*** Opening PROVIDED RECORDS ***

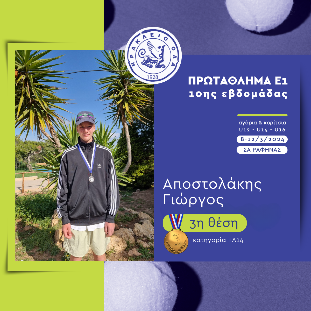 Ο Γιώργος Αποστολάκης, κατέκτησε την τρίτη θέση στα μονά στην κατηγορία των 14 ετών. Στον ημιτελικό, αγωνίστηκε με το Νο2 του ταμπλό, τον Μοτσάκο (Περιστέρι) από τον οποίο ηττήθηκε 61 62. Νωρίτερα ο Αποστολάκης, κέρδισε στον πρώτο γύρο τον Γρηγορίου (ΑΟΑ Πεύκης) 64 62. Στους 16 κέρδισε τον Γεωργακάκο (Κόρινθο) 60 62 και μπήκε στην οκτάδα, όπου επικράτησε με 61 57 64 του Ιωαννάτου (ΑΟ Π. Φαλήρου) και πέρασε στα ημιτελικά.
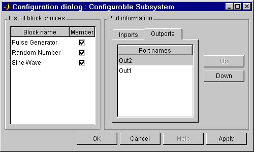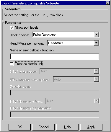 The following figure shows the dialog box for a Configurable Subystem block.
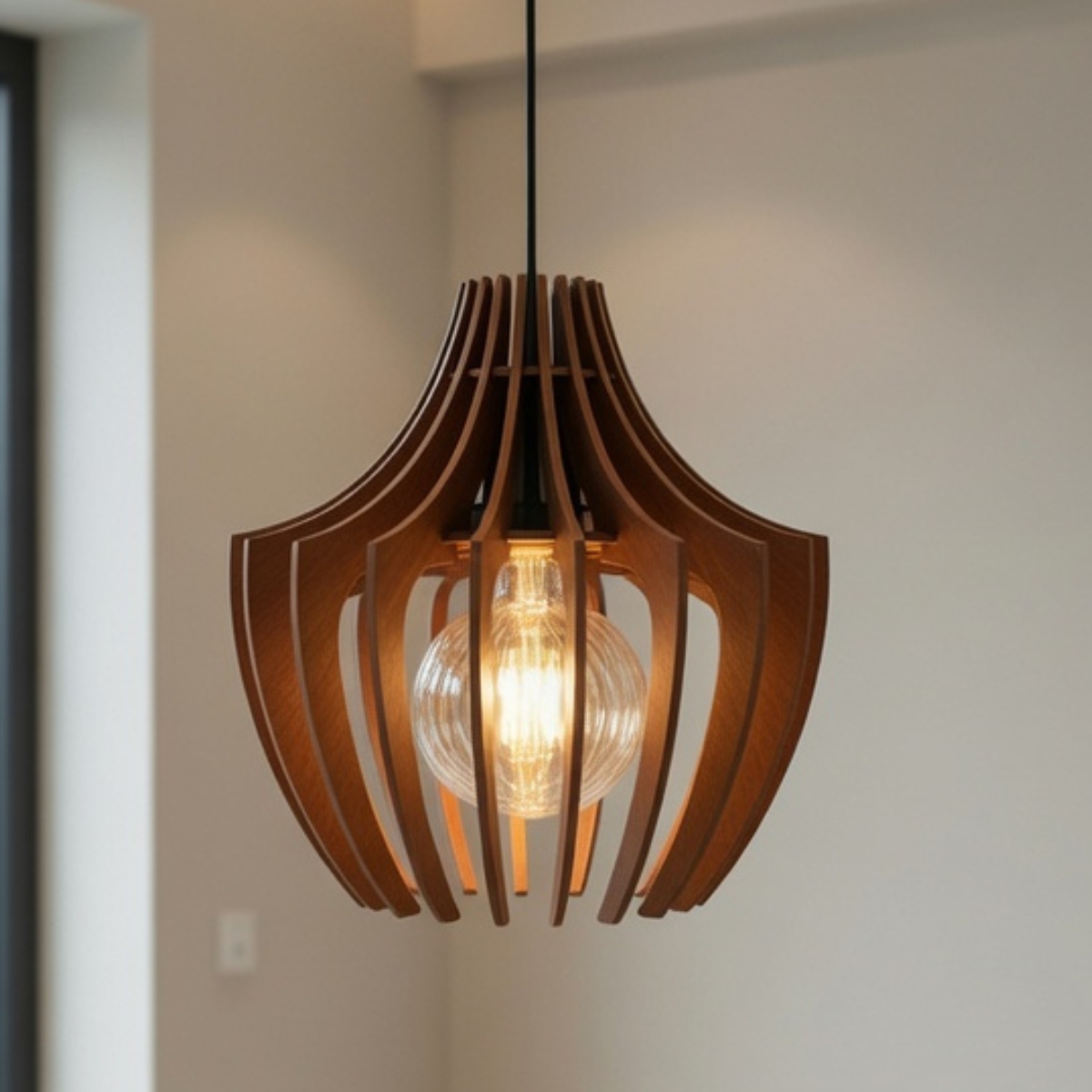 Fabricado com madeira de alta qualidade, cada lustre é único, valorizando os veios e texturas naturais do material. Seu acabamento artesanal garante sofisticação e durabilidade, tornando-o a escolha ideal para quem busca estilo e personalidade na decoração.
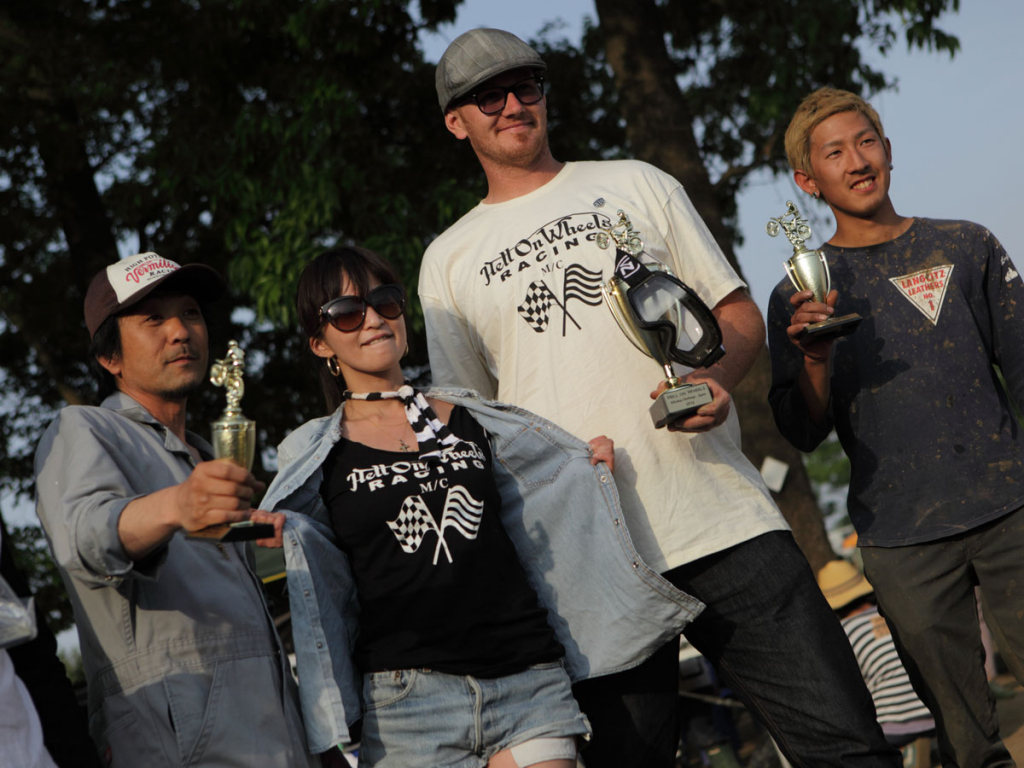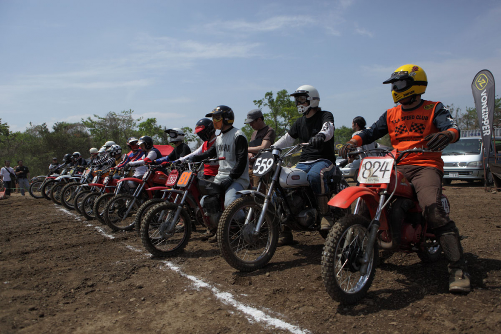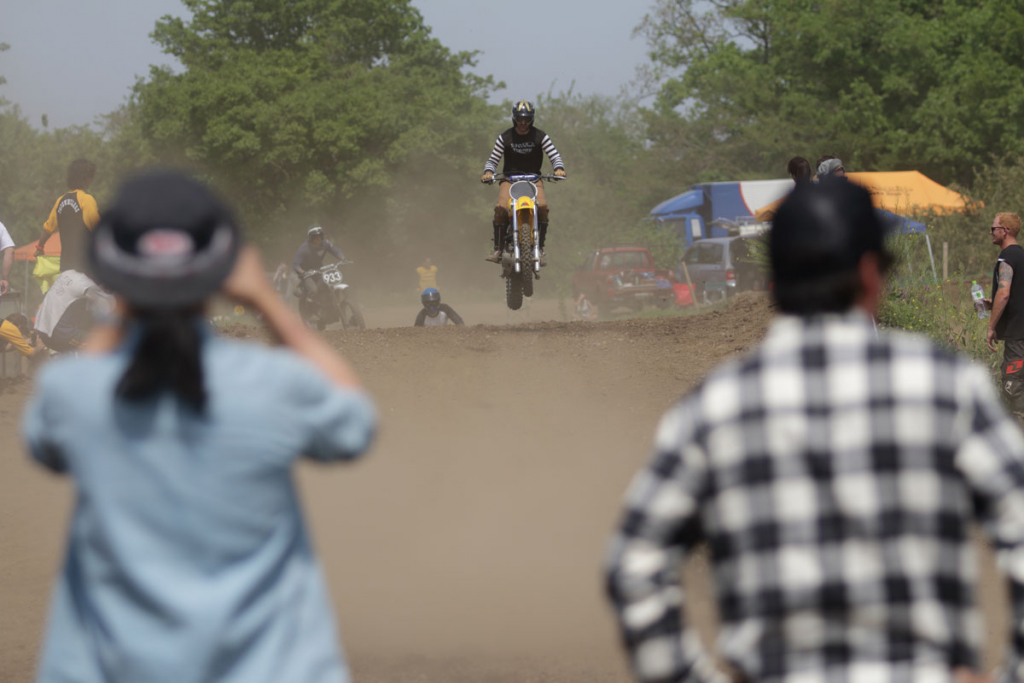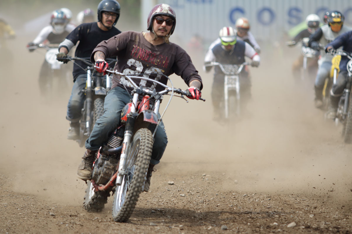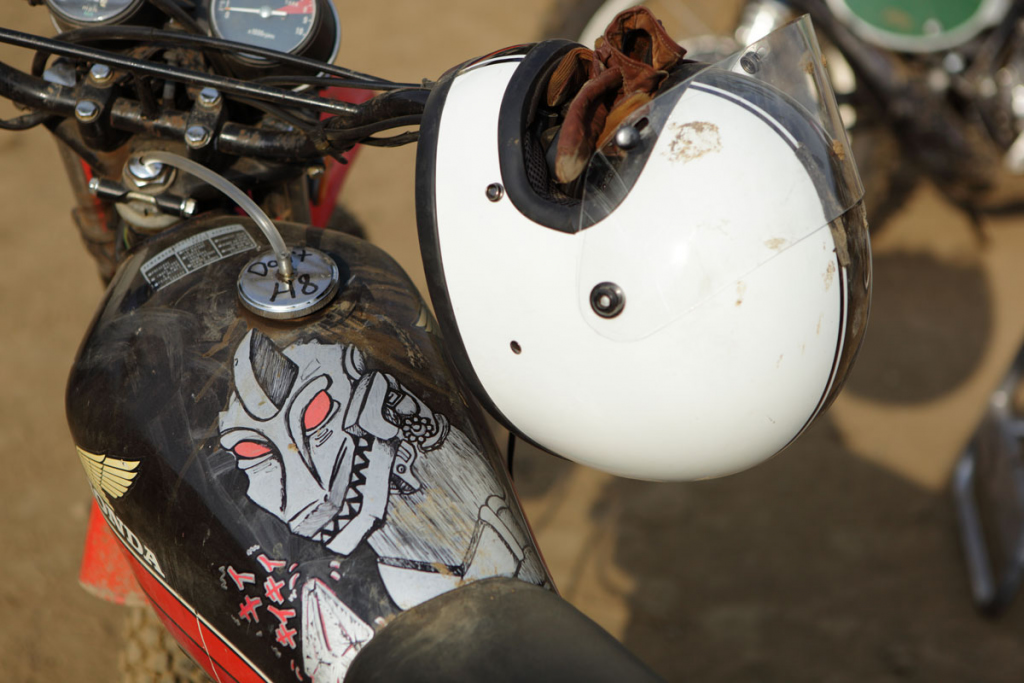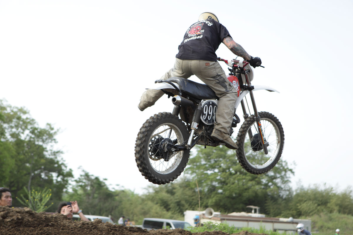 Earlier in the year this group of motorcyclists spent a full day packing 40 vintage motorcycles into a shipping container in California. Their purpose: a single day of racing at an out-of-the-way motocross track in Saitama. Organizer Jeff Tulinius, who usually goes by the name “Meatball,” describes the Hell On Wheels crew and affiliates as “a vintage motorcycle repair shop in California—just a couple of guys wrenching on old bikes. We get out and race as often as we can. No real clubs as such came with us, but the guys and gals from Von Zipper, Deus, BA Moto, Lossa Engineering and a few others came along.”
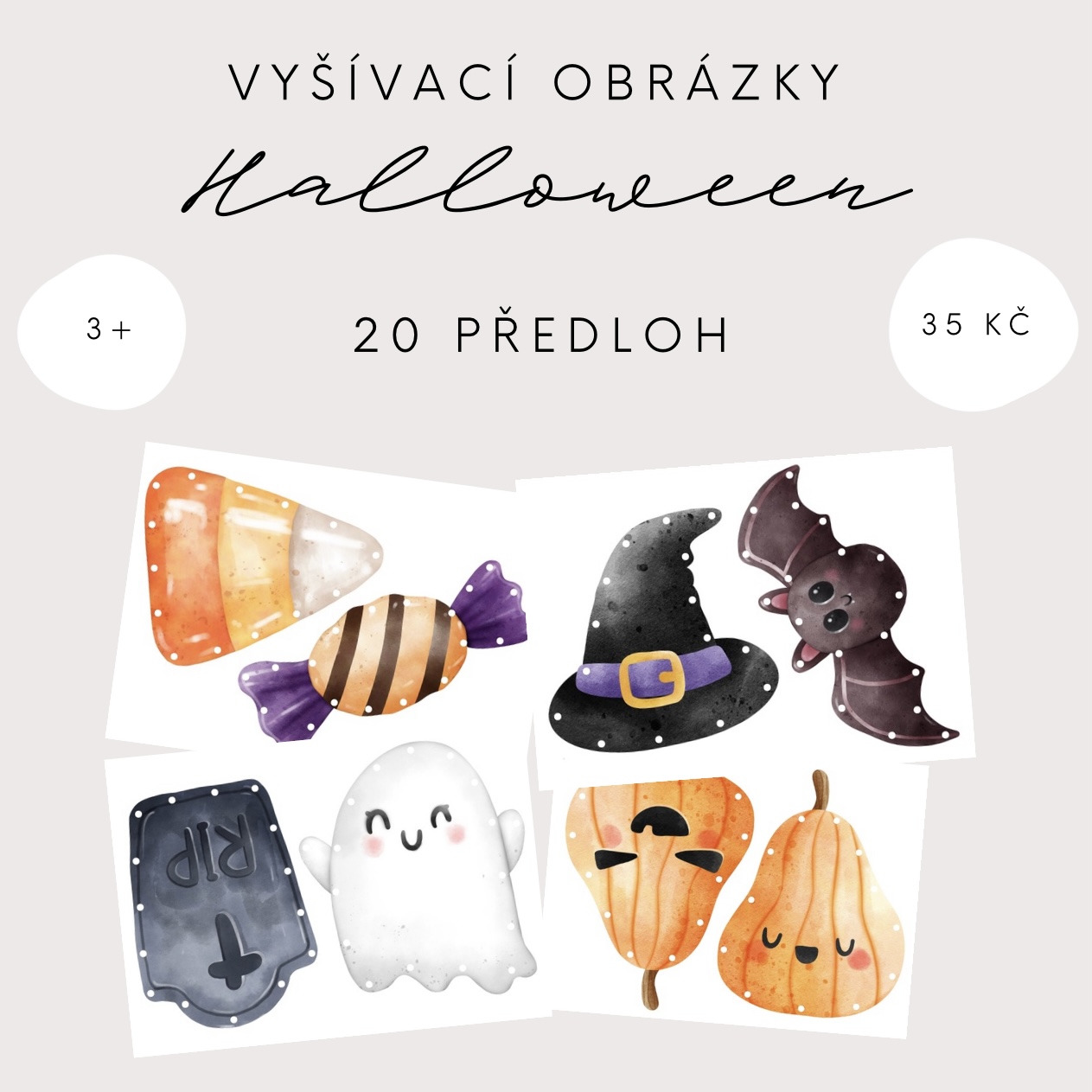 Představujeme Vám náš soubor vyšívacích obrázků na téma Halloween, který je určen především pro děti předškolního věku. V materiálu najdete 20 obrázků, po jejichž obvodu jsou vyznačené puntíky pro vytvoření dírek.
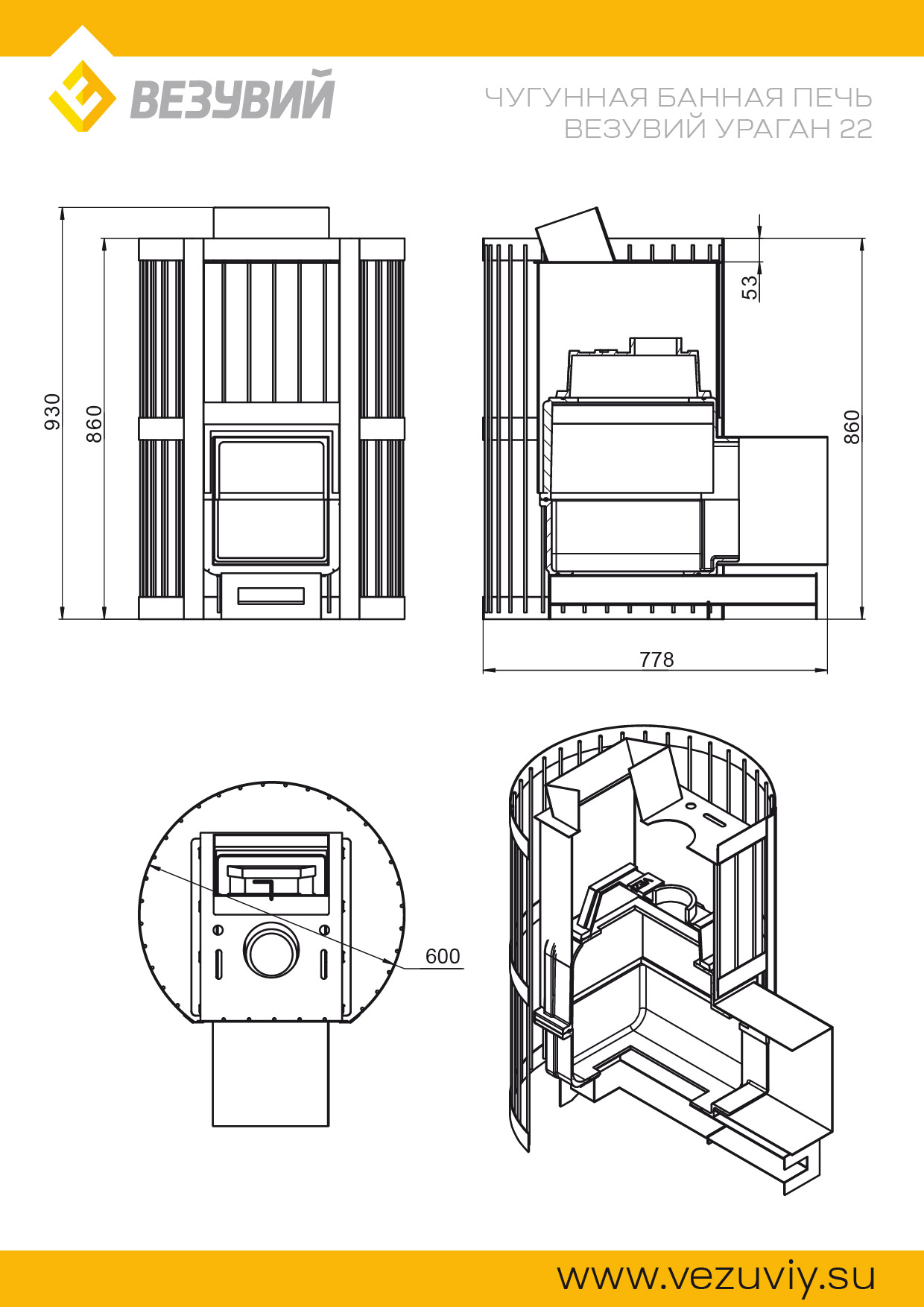 Договор заключается в момент оплаты Покупателем товара ТОЛЬКО в ОФЛАЙН-МАГАЗИНЕ. Делая предварительный заказ, Покупатель заверяет, что ознакомился и согласен с Политикой компании, она ему ясна и понятна.Печь для бани Везувий Ураган Ковка 22 (270)
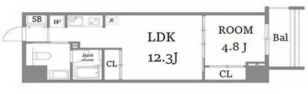 12.3帖のLDKと4.8帖の洋室という間取り。
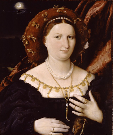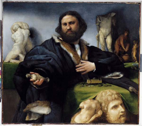 Contemporary writers praised portraits that combined a true likeness with an intellectual conceit, and Lotto excelled at this in his nocturnal portrait of Lucina Brembante, with the moon (luna) containing the letters “ci,” thus hinting at the sitter’s name. Even more impressive is the sumptuous study of the wealthy Venetian collector, Andrea Odoni—on loan from the Royal Collection at Hampton Court—shown with his celebrated collection of antiquities but holding a small sculpture of Diana of Ephesus, which he did not actually own. Some, like a later portrait of a man with a felt hat from Ottawa, present Lotto at his best, communicating an unflinching view of human worth through a restrained palette of colors.
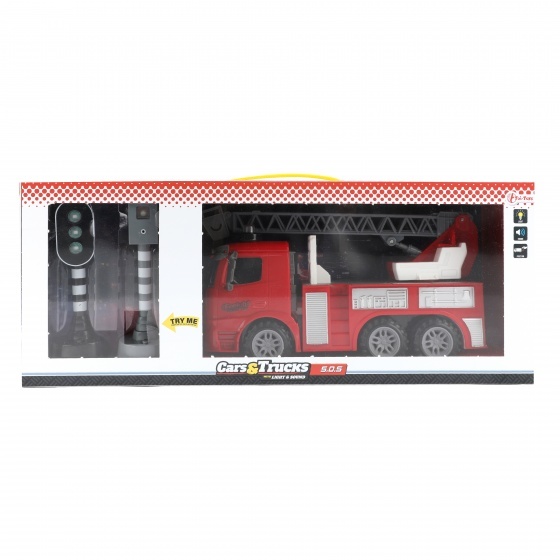 CARS&TRUCKS - Brandweerwagen (rood) en verkeerslichten met licht/geluid
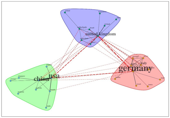 The countries network was composed of few nodes (i.e., 89), with the highest indexes of density, transitivity and degree of centralisation (0.05, 0.4, and 0.34, respectively) within the social structure of the OSM dataset and the shortest average path. It was structured into three main clusters grouping 28 countries, being the remaining 61 isolated nodes (Figure 5, Supplementary Materials Table S5).
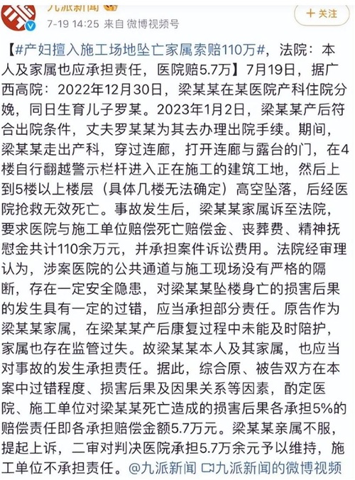 产妇坠亡家属索赔110万后续:判决已出,丈夫不服,其中另有内幕
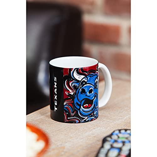 - This ceramic white mug features beautiful exclusive artwork by painter Justin Patten, showcasing a whimsical take on the mascot trend for a more artisan look
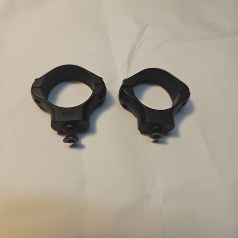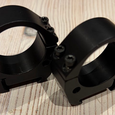 Selger et sett 1” (25,4 mm) kikkertsikteringer for Weaver / Picatinny (cross-slot) baser. Usikker på eksakt fabrikat / merke. Stålringer.
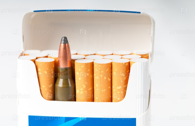 Открытая пачка сигарет с фильтром и пулеметный патрон

*** Closing PROVIDED RECORDS ***

» **PROBLEM TO SOLVE**: Return the entries above exactly as they appear. Pictures should not be copied.

» **YOUR SOLUTION**:
 Ο Γιώργος Αποστολάκης, κατέκτησε την τρίτη θέση στα μονά στην κατηγορία των 14 ετών. Στον ημιτελικό, αγωνίστηκε με το Νο2 του ταμπλό, τον Μοτσάκο (Περιστέρι) από τον οποίο ηττήθηκε 61 62. Νωρίτερα ο Αποστολάκης, κέρδισε στον πρώτο γύρο τον Γρηγορίου (ΑΟΑ Πεύκης) 64 62. Στους 16 κέρδισε τον Γεωργακάκο (Κόρινθο) 60 62 και μπήκε στην οκτάδα, όπου επικράτησε με 61 57 64 του Ιωαννάτου (ΑΟ Π. Φαλήρου) και πέρασε στα ημιτελικά.
 The following figure shows the dialog box for a Configurable Subystem block.
 Fabricado com madeira de alta qualidade, cada lustre é único, valorizando os veios e texturas naturais do material. Seu acabamento artesanal garante sofisticação e durabilidade, tornando-o a escolha ideal para quem busca estilo e personalidade na decoração.
 Earlier in the year this group of motorcyclists spent a full day packing 40 vintage motorcycles into a shipping container in California. Their purpose: a single day of racing at an out-of-the-way motocross track in Saitama. Organizer Jeff Tulinius, who usually goes by the name “Meatball,” describes the Hell On Wheels crew and affiliates as “a vintage motorcycle repair shop in California—just a couple of guys wrenching on old bikes. We get out and race as often as we can. No real clubs as such came with us, but the guys and gals from Von Zipper, Deus, BA Moto, Lossa Engineering and a few others came along.”
 Představujeme Vám náš soubor vyšívacích obrázků na téma Halloween, který je určen především pro děti předškolního věku. V materiálu najdete 20 obrázků, po jejichž obvodu jsou vyznačené puntíky pro vytvoření dírek.
 Договор заключается в момент оплаты Покупателем товара ТОЛЬКО в ОФЛАЙН-МАГАЗИНЕ. Делая предварительный заказ, Покупатель заверяет, что ознакомился и согласен с Политикой компании, она ему ясна и понятна.Печь для бани Везувий Ураган Ковка 22 (270)
 12.3帖のLDKと4.8帖の洋室という間取り。
 Contemporary writers praised portraits that combined a true likeness with an intellectual conceit, and Lotto excelled at this in his nocturnal portrait of Lucina Brembante, with the moon (luna) containing the letters “ci,” thus hinting at the sitter’s name. Even more impressive is the sumptuous study of the wealthy Venetian collector, Andrea Odoni—on loan from the Royal Collection at Hampton Court—shown with his celebrated collection of antiquities but holding a small sculpture of Diana of Ephesus, which he did not actually own. Some, like a later portrait of a man with a felt hat from Ottawa, present Lotto at his best, communicating an unflinching view of human worth through a restrained palette of colors.
 CARS&TRUCKS - Brandweerwagen (rood) en verkeerslichten met licht/geluid
 The countries network was composed of few nodes (i.e., 89), with the highest indexes of density, transitivity and degree of centralisation (0.05, 0.4, and 0.34, respectively) within the social structure of the OSM dataset and the shortest average path. It was structured into three main clusters grouping 28 countries, being the remaining 61 isolated nodes (Figure 5, Supplementary Materials Table S5).
 产妇坠亡家属索赔110万后续:判决已出,丈夫不服,其中另有内幕
 - This ceramic white mug features beautiful exclusive artwork by painter Justin Patten, showcasing a whimsical take on the mascot trend for a more artisan look
 Selger et sett 1” (25,4 mm) kikkertsikteringer for Weaver / Picatinny (cross-slot) baser. Usikker på eksakt fabrikat / merke. Stålringer.
 Открытая пачка сигарет с фильтром и пулеметный патрон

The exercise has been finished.